Remarkably ineffective investigations
“No proof, no case,” lawyers often say. The common feature in disappearances of journalists is the remarkably ineffective way the authorities investigate them, with a carelessness often bordering on sabotage. The families of the victims are all the more helpless when, as is often the case, the perpetrators are capable of putting pressure on witnesses and investigators and even getting the case closed.
The case of
Ahmed Rilwan Abdulla in the Maldives is instructive. This reporter for
Minivan News, an independent online newspaper, disappeared on August 8, 2014. He was known for covering the three subjects that make people angry in this island state – religion, politics, and the environment. After he was reported missing, the authorities waiting 29 hours before going to his apartment and 11 days before visiting his office. The police “forgot” to tell his family that they found a knife at the place where he is thought to have disappeared. They reluctantly acknowledged recently that he might have been kidnapped by an extremist group, but refrained from going into any detail.
Even when they are not directly implicated in their disappearance, the authorities assign journalists blame for their own fate. Their refusal to assist then becomes a way of dissuading fellow journalists from “putting their noses where they shouldn’t.” For three years, Tunisian civil society and human rights groups have been condemning the passivity and indifference surrounding the disappearance of Tunisian journalists Sofiane Chourabi and Nadhir Guetari in Libya on September 8, 2014. In Tunis, the main measure taken by the authorities was to announce the creation of a mixed commission of enquiry a year after their disappearance. This commission has yet to materialize.
In Colombia, the police did little to find
Borja Lázaro, a Spanish freelance photographer who disappeared in the early hours of January 8, 2014 in a drug-trafficking region where former paramilitaries operate. Although the Spanish authorities interceded, the investigation drew a complete blank and is now officially closed.

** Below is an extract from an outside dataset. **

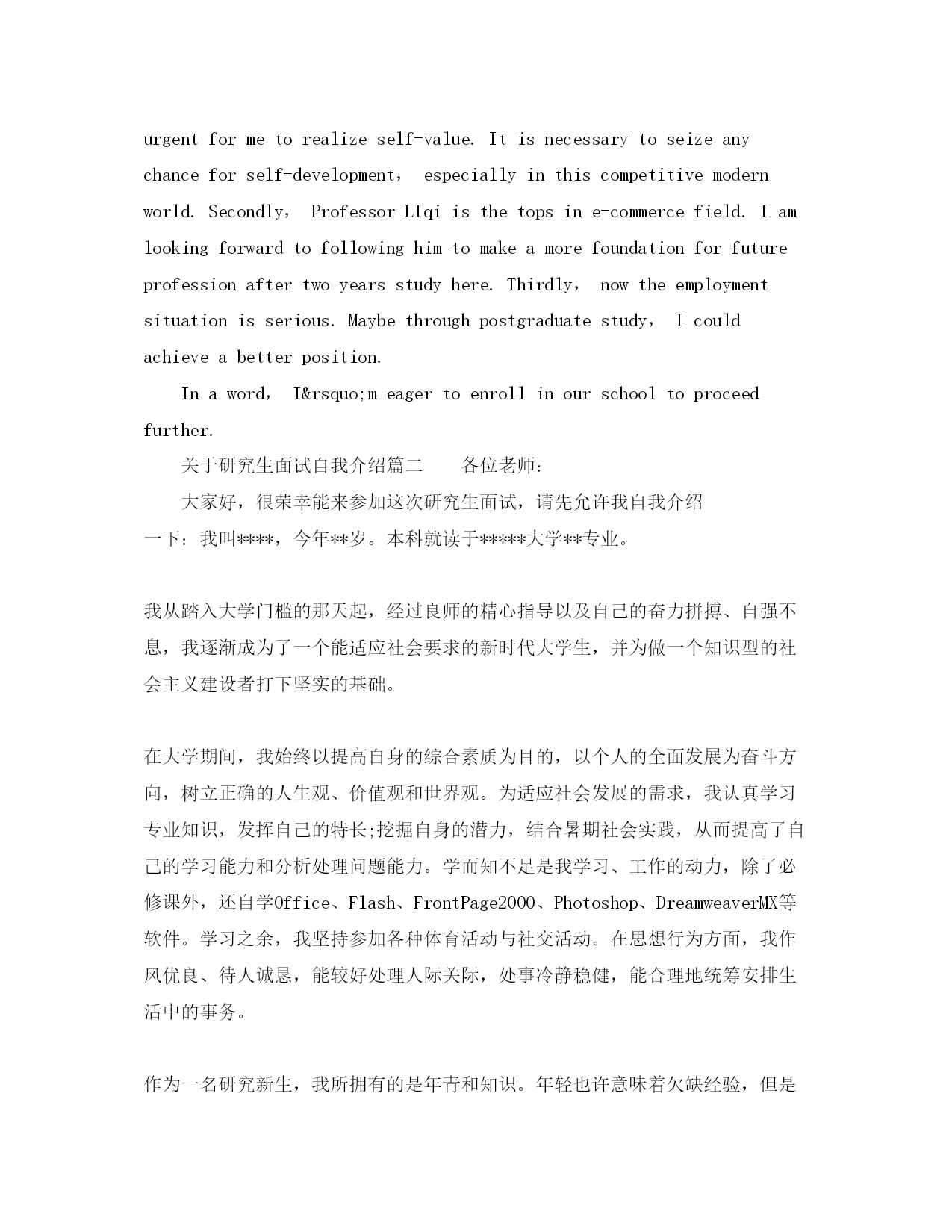 此资料由网络收集而来,如有侵权请告知上传者立即删除。资料共分享,我们负责传递知识。关于研究生面试自我介绍研究生面试时,一份出色的自我介绍绝对来自于事前的准备与操练。研究生面试自我介绍如何分段进击,事先架构一个完整内容?下面小编为你带来研究生面试自我介绍的内容,希望你们喜欢。关于研究生面试自我介绍篇一Goodmorning,everyteacher.It’sreallyagreathonortohavethisopportunityforaninterview.AndIhopeIcanmakeagoodperformancetoday,eventuallyenrollinthisprestigiousuniversityinSeptember.First,letmeintroducemyselfbriefly.Mynameis,whichisGuoxueliinChinese.Iam22yearsold,borninZichangcountry,ShaanxiProvince.I’mstudyingatXi’anjiaotongUniversity.Imajorine-commercewithaminorinlaw.InordertoimprovemyEnglishandmasterfundamentalknowledgeofcomputerapplication,IhavepassedCET6,theC++languageexaminationintheNationalcomputerRankExaminationLevel2andthedatabaseexaminationintheNationalcomputerRankExaminationLevel3withaease.Ialwaysbelievethatonewilleasilylagbehindunlesshekeepsonlearning.ThescholarshipsIhavewonduringtheseyearscouldcertificatethatIworkhard.Iamveryeasytogetonwith,soIhavelotsoffriends.AndIamoptimisticforthatIbelieveintheendthingwillmend.SometimesIpreferstayingalone,reading,watchingmovies,listeningtomusicorsurfingtheInternet.AsforwhyIchoosetoengageinpostgraduatestudy,thereareseveralreasonsasfollow.Firstly,Ithinkfurtherstudyisstillurgentformetorealizeself-value.Itisnecessarytoseizeanychanceforself-development,especiallyinthiscompetitivemodernworld.Secondly,ProfessorLIqiisthetopsine-commercefield.Iamlookingforwardtofollowinghimtomakeamorefoundationforfutureprofessionaftertwoyearsstudyhere.Thirdly,nowtheemploymentsituationisserious.Maybethroughpostgraduatestudy,Icouldachieveabetterposition.Inaword,I’meagertoenrollinourschooltoproceedfurther.关于研究生面试自我介绍篇二各位老师:大家好,很荣幸能来参加这次研究生面试,请先允许我自我介绍一下:我叫****,今年**岁。本科就读于*****大学**专业。我从踏入大学门槛的那天起,经过良师的精心指导以及自己的奋力拼搏、自强不息,我逐渐成为了一个能适应社会要求的新时代大学生,并为做一个知识型的社会主义建设者打下坚实的基础。在大学期间,我始终以提高自身的综合素质为目的,以个人的全面发展为奋斗方向,树立正确的人生观、价值观和世界观。为适应社会发展的需求,我认真学习专业知识,发挥自己的特长;挖掘自身的潜力,结合暑期社会实践,从而提高了自己的学习能力和分析处理问题能力。学而知不足是我学习、工作的动力,除了必修课外,还自学Office、Flash、FrontPage2000、Photoshop、DreamweaverMX等软件。学习之余,我坚

Not letting the victims be forgotten
Dawit Isaak is a journalist with Swedish and Eritrean dual nationality who helped found the Eritrean newspaper
Setit and was awarded UNESCO’s Guillermo Cano World Press Freedom Prize in 2017. He was arrested along with ten other journalists on trumped-up terrorism charges in 2011 and has been held incommunicado ever since, without access to his family or lawyers. Information obtained by RSF suggests that seven of these 11 journalists have already died in detention. According to the account of a former prison guard in 2010, the last time Isaak was seen alive, the journalists had been kept in inhuman conditions – handcuffed, isolated, and exposed to terrible heat.
RSF has undertaken countless initiatives to prevent Isaak’s case from being forgotten, including a petition in 2002, many press releases and several appeals to the European Parliament. RSF sent an appeal to Eritrea’s constitutional court in 2011 but never received a response. In 2012, RSF referred the case to the
African Commission on Human and Peoples’ Rights. Last year, RSF wrote an open letter to President Issayas Afeworki and recently launched a
second petition for Isaak’s release.
In 2015, RSF formally referred the disappearances of journalists in ten countries to
the UN Working Group on Enforced or Involuntary Disappearances. This entity’s findings must remain confidential in order to ensure the effectiveness of its investigations and the safety of the victims, but RSF stresses the importance of its work behind the scenes in centralizing cases of disappearances and in pressuring states with the aim of obtaining releases. RSF urges governments to provide the Working Group with the resources it needs to perform its mission.